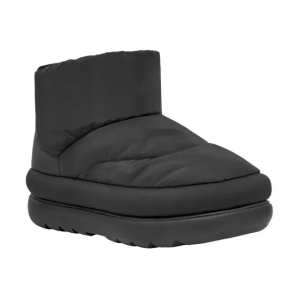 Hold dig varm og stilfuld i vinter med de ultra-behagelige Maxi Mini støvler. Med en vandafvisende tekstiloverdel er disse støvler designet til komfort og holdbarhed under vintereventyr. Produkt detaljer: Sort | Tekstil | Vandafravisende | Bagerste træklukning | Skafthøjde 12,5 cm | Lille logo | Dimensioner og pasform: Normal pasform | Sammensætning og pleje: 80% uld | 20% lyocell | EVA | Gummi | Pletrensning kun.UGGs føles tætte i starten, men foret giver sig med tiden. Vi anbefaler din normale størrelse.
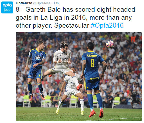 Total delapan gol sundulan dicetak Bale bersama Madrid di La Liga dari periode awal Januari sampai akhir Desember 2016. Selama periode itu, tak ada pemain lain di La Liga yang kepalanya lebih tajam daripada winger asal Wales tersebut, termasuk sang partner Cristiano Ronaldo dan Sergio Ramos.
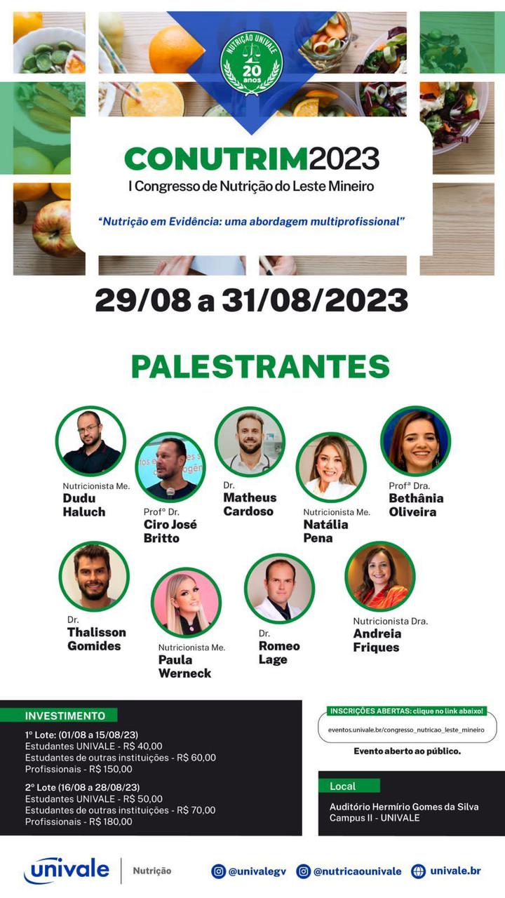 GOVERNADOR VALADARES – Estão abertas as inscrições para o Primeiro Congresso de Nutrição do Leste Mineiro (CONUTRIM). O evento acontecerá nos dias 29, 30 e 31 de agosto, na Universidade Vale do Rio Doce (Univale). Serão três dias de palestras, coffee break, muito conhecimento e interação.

◆ DESCRIPTION OF THE TASK ◆
Print the stretch of the data from the line with "Total delapan gol" through its last line, exactly and with both ends kept. Omit pictures.

◆ YOUR RESPONSE ◆
 Total delapan gol sundulan dicetak Bale bersama Madrid di La Liga dari periode awal Januari sampai akhir Desember 2016. Selama periode itu, tak ada pemain lain di La Liga yang kepalanya lebih tajam daripada winger asal Wales tersebut, termasuk sang partner Cristiano Ronaldo dan Sergio Ramos.
 GOVERNADOR VALADARES – Estão abertas as inscrições para o Primeiro Congresso de Nutrição do Leste Mineiro (CONUTRIM). O evento acontecerá nos dias 29, 30 e 31 de agosto, na Universidade Vale do Rio Doce (Univale). Serão três dias de palestras, coffee break, muito conhecimento e interação.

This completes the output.